I have checked the source code of validateConnection and found it executes the ping() function. Can't this function guarantee that the current connection is valid?

huaxne commented 1 year ago

You need to find out the reason for the timeout. If you encounter a timeout period, make sure that all Redis nodes are up and reachable. Timeouts are a symptom of infrastructure issues.

I think there will always be occasional issues with the server or network. What I need is to promptly sense that the current connection is not available and quickly create new TCP connections. The log above shows that this problem occurs approximately 1-2 times a day (15 minutes each time). But LettuceConnectionFactory ValidateConnection() did not recognize that this connection is not available.

mp911de commented 1 year ago

Cluster connections cannot be reliably verified unless issuing a PING to every cluster node as the subsequent operation can target any node within the cluster.
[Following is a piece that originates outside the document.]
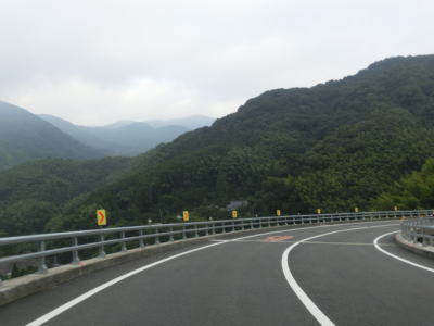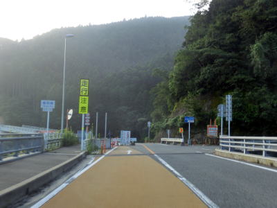| 大野大橋の西詰の交差点(予定)を右折した直後こそはっきりとセンターラインが引かれた2車線道路だったが、すぐにセンターラインがなくなり1.8車線幅になってしまう。しかしその距離は短くすぐにキャッツアイ付きのセンターラインが復活する。車線逸脱を防止するためのキャッツアイだろうが、カーブ部分だけでなく直線部分にも設置されている。 ヘアピンカーブを2ヶ所通過しているがそこ以外の勾配は緩やかである。県境の尾根の下を走っていると佐賀県公安委員会が設置した標識が目に入る。曰く、「この先幅員減少 積2t以上通行禁止」と。2t以上通行禁止というとあの国道が通っている峠を思い浮かべるが、あちらはトンネル主体のバイパスが開通した事により国道の指定を外れたうえに長期にわたって災害通行止が続いている。 |

I think it is reasonable to move that requirement into Spring Data Redis.

huaxne commented 1 year ago

Cluster connections cannot be reliably verified unless issuing a PING to every cluster node as the subsequent operation can target any node within the cluster. I think it is reasonable to move that requirement into Spring Data Redis.

Yes, I think you're right(it is reasonable to move that requirement into Spring Data Redis). I solved this problem through the keepalive setting. 1428 Thank you very much for your help.